Would you reproduce the data below exactly, please, leaving out its images?
[Start of Attachment]
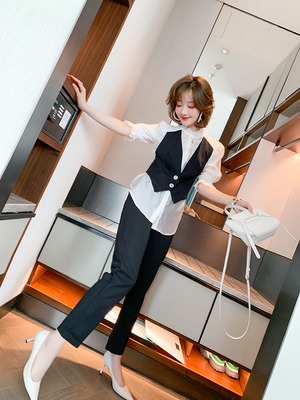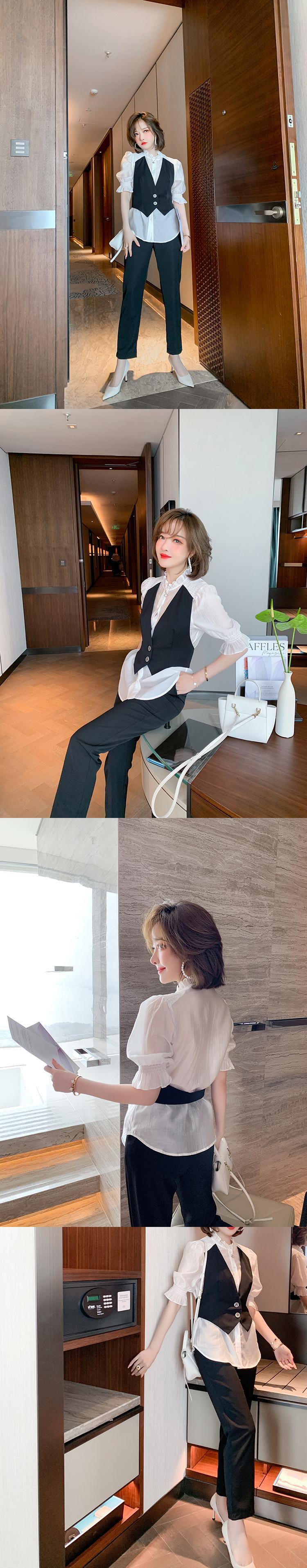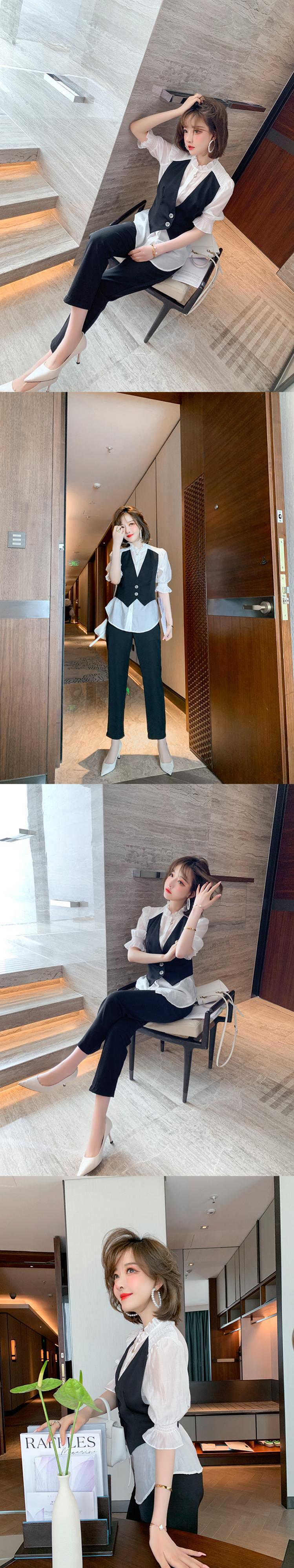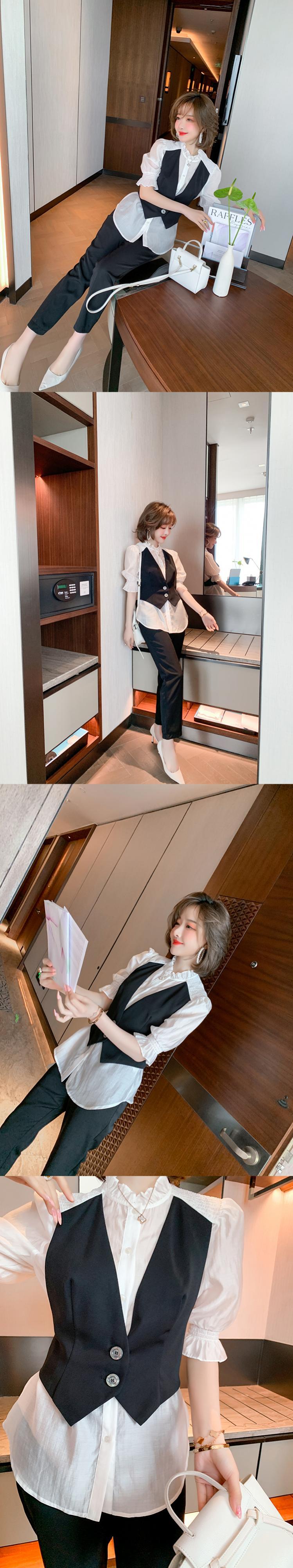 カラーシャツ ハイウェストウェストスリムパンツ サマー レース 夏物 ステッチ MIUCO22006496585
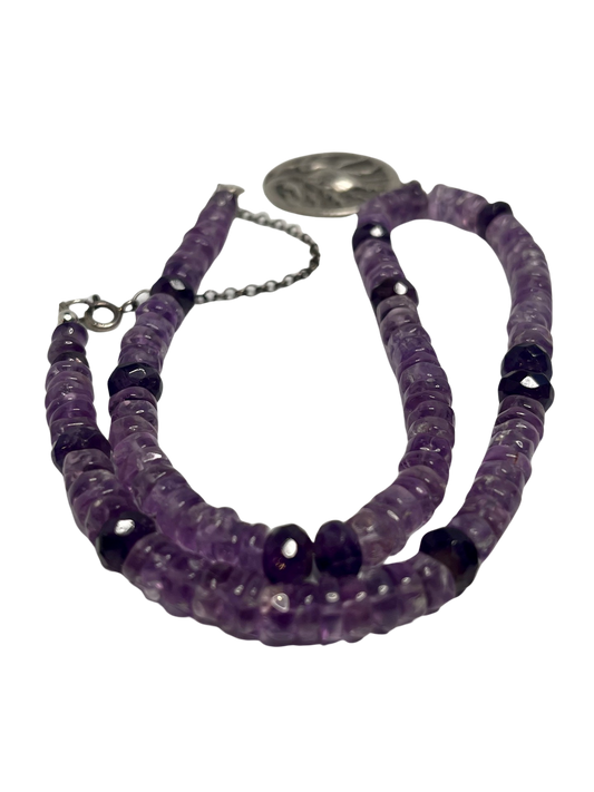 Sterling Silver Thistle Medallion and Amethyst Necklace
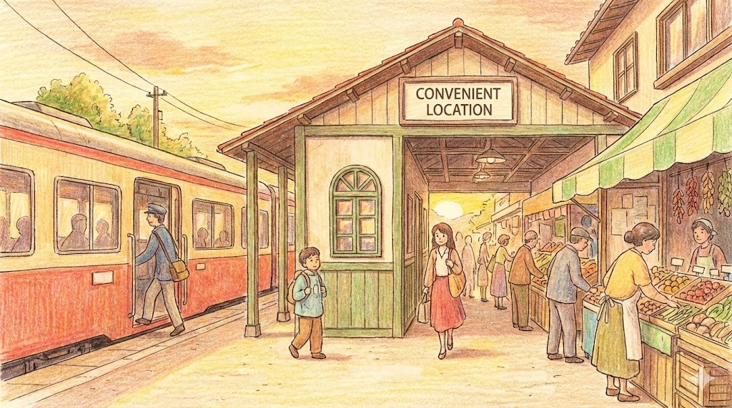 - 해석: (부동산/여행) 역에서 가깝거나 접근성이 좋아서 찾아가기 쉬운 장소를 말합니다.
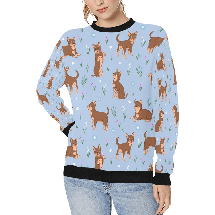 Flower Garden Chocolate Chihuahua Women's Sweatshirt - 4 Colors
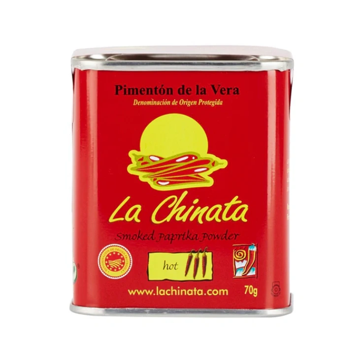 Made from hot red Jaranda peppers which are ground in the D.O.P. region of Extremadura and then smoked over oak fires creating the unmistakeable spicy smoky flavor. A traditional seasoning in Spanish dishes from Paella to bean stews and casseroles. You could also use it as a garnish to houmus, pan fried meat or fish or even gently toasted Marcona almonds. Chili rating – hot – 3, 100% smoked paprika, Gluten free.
[End of Attachment]
WRITTEN RESPONSE:
 カラーシャツ ハイウェストウェストスリムパンツ サマー レース 夏物 ステッチ MIUCO22006496585
 Sterling Silver Thistle Medallion and Amethyst Necklace
 - 해석: (부동산/여행) 역에서 가깝거나 접근성이 좋아서 찾아가기 쉬운 장소를 말합니다.
 Flower Garden Chocolate Chihuahua Women's Sweatshirt - 4 Colors
 Made from hot red Jaranda peppers which are ground in the D.O.P. region of Extremadura and then smoked over oak fires creating the unmistakeable spicy smoky flavor. A traditional seasoning in Spanish dishes from Paella to bean stews and casseroles. You could also use it as a garnish to houmus, pan fried meat or fish or even gently toasted Marcona almonds. Chili rating – hot – 3, 100% smoked paprika, Gluten free.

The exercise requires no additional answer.